Although most reported H9N2 human infections have been mild or moderate, in November of 2021 China reported a rare fatal outcome in a 39-year-old man from Qiandongnan Autonomous Prefecture, Guizhou Prefecture.
While H9N2 may not be at the very top of our pandemic threats list, it is still regarded as having at least some pandemic potential (see CDC IRAT SCORE), and several candidate vaccines have been developed.
All of which brings us to a new preprint, published last week in Nature Portfolio, which finds the bat-borne Old World H9N2 virus isolated in Egypt in 2017 already ticks a lot of the pre-pandemic boxes;
- it readily infects and transmits incredibly well among ferrets
- it replicates efficiently in human (explant) lung tissue
- is able to escape human MxA (myxovirus resistance protein A)

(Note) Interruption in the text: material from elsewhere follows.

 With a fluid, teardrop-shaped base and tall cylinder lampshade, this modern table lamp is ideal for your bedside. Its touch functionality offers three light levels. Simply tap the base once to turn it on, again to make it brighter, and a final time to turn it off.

- there appears to be little pre-existing community immunity to H9 viruses
The bat-borne influenza A virus H9N2 exhibits a set of unexpected pre-pandemic features
Nico Halwe, Lea Hamberger, Julia Sehl-Ewert, Christin Mache, Jacob Schön, and 23 more
https://doi.org/10.21203/rs.3.rs-2937503/v1
This work is licensed under a CC BY 4.0 License
Abstract
An Old-World bat H9N2 influenza A virus (IAV) identified in Egypt exhibits high replication and transmission potential in ferrets, efficient infection of human lung explant cultures and marked escape from the antiviral activity of MxA. Together with low antigenic similarity to N2 of seasonal human strains, bat H9N2 meets key criteria for pre-pandemic IAVs.
(EXCERPT)
Our study shows that the Old World bat H9N2 virus meets key characteristics of a pre pandemic IAV, including replication in and efficient transmission between ferrets, the ability to replicate efficiently in human lung explants and evasion from MxA-mediated restriction. Intriguingly, bat H9N2 exhibits an immediate (at 1 dpe) and highly efficient transmission potential (100%) not previously observed in any avian-derived H9N2 isolate24 , which may also 7 allow for spread among and further adaptation to humans.

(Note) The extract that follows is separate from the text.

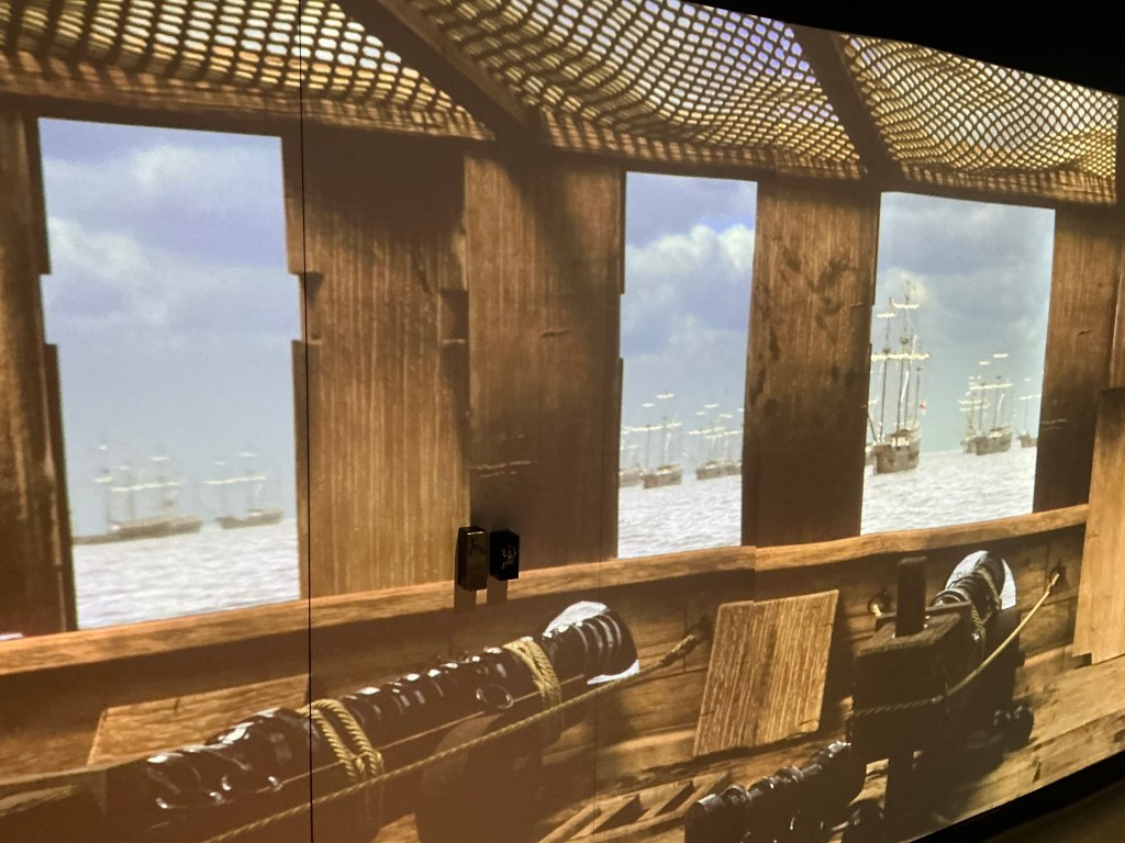 It is a museum designed to bring the ship to life. The museum does this with projections onto the timbers of the ship that show people doing their jobs.

Our data also suggests that bat H9N2 can suppress the expression of MxA, thereby overcoming this important restriction factor for zoonotic spill-over25 . This is in strong contrast to zoonotic H5N1 and H7N9 viruses of avian origin that are potently inhibited in hMxAtg/tg mice21. Given the ability of bat H9N2 to infect turkey hatchlings, introduction of bat H9N2 into poultry farms and reassortment with avian IAV cannot be ruled out, necessitating increased attention and close monitoring of possible human spillover infections in Africa.

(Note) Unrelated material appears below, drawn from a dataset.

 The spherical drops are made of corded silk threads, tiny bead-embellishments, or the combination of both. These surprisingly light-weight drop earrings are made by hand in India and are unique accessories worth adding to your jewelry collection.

A further prerequisite of pre-pandemic viruses is their antigenic novelty to the human immune system. Since the human population is presently exposed only to the currently-circulating H1N1 and H3N2 subtypes, a lack of humoral immunity to bat H9N2 is very likely. Indeed, our serological data demonstrates that seasonal influenza vaccines containing H1N1 and H3N2 do not elicit cross-reactive antibodies to the bat N2 protein, substantiating the general pre pandemic features of bat H9N2.
Were it easy for novel avian, swine, or bat influenza viruses to adapt to human physiology, we'd be hip deep in pandemic viruses all of the time. Fortunately, there are a number of `species barriers' that must be overcome, including (but not limited to):
- binding to human receptor cells
- efficient replication in human lung tissue
- and getting around the interferon-induced host restriction factor MxA.
A lot of novel flu viruses are able to overcome one or two of these obstacles, but only rarely do we see one circumvent all three. While this hat-trick may not be all that is required to launch this bat-borne H9N2 virus on a world tour, it is an impressive start.
Add in (at least avian) H9N2's track record of spilling over into pigs and other mammals, and its ability to reassort with other influenza viruses, and that makes this bat-borne H9N2 virus one worthy of our attention.